Dabei zeigte sich: Medikamente, die (noch) unter Patentschutz und folglich nur von einem Hersteller zur Verfügung stehen, fallen seltener aus. Generika sind demgegenüber häufiger von Engpässen betroffen. „Sobald es Wettbewerb gibt, sind die jeweiligen Unternehmen gezwungen, ihre Effizienz zu steigern. Dann können auch kleinere Störungen schneller zu Engpässen führen, da sie weniger Kapazitäten und Reservebestände haben“, heißt es von den Autoren in einer Pressemitteilung.
Hintergründe für Lieferengpässe: Auf die Darreichungsform kommt es an.
Zu den Hintergründen für Lieferengpässe gehört offenbar auch die Darreichungsform. Denn der Produktionsprozess von Tabletten, Säften und Co. ist unterschiedlich komplex. Bei Injektionen sei das Risiko von Verunreinigungen oder anderen Problemen, die zu Engpässen führen können, demnach am höchsten. Schwankungen in der Nachfrage leisten ebenfalls ihren Beitrag in puncto Engpässe.
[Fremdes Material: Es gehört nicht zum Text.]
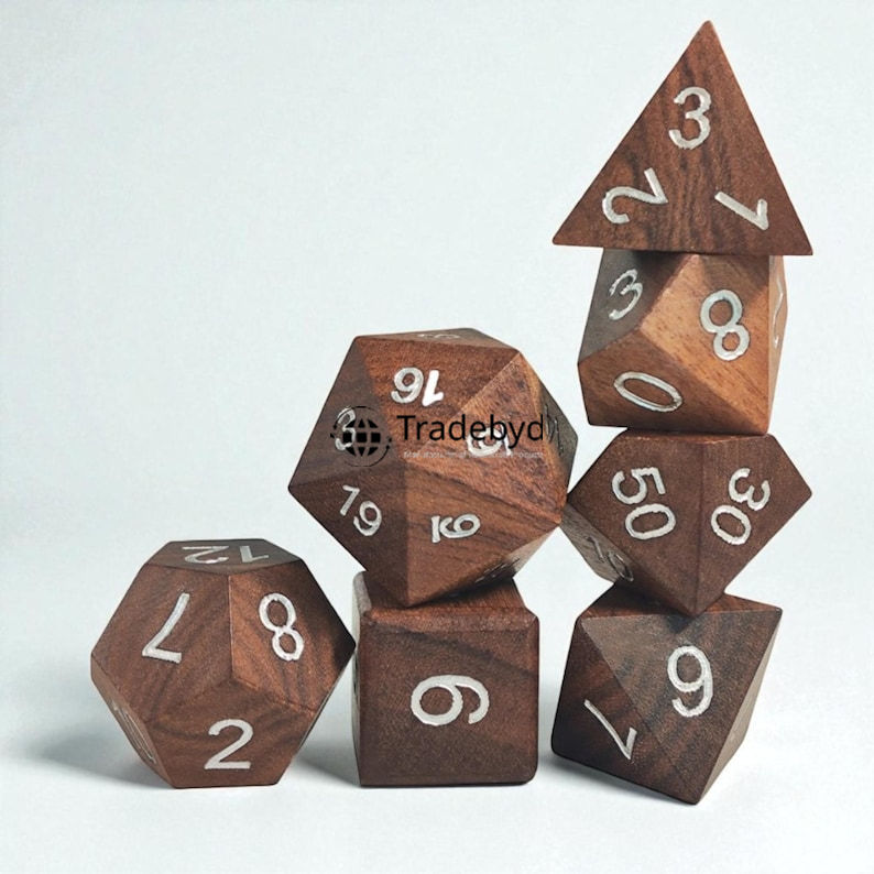 ชุดลูกเต๋าไม้พรีเมียม 7 ชิ้น ทนทาน เป็นมิตรกับสิ่งแวดล้อม สำหรับเกมกระดาน RPG นักสะสม Tradebyd

Und dann ist da noch das Meldeverfahren von knappen/fehlenden Arzneimitteln, das zwar nicht als Hintergrund, jedoch in puncto Umgang mit Engpässen eine Rolle spielt. Denn je früher diese gemeldet werden, desto früher können entsprechende Gegenmaßnahmen ergriffen werden. Doch wie sich zeigt, werden Engpässe von Herstellern oft erst sechs bis acht Wochen gemeldet, nachdem sie den Markt bereits erreicht haben.
Das sind die Lösungen
Geht es um Lösungen für die Lieferengpass-Problematik sind sich die Autoren einig: Die oft geforderten höheren Preise für Arzneimittel würden nur für eine Umverteilung des Problems führen. „Wenn man Unternehmen auf dem deutschen Markt priorisiert, dann fehlen die Medikamente für andere europäische Länder.“ Stattdessen müssten Maßnahmen für eine langfristige Produktionssicherung und Risikominimierung ergriffen, ein Frühwarnsystem eingeführt und Hersteller zu mehr Transparenz bei den Lieferketten verpflichtet werden.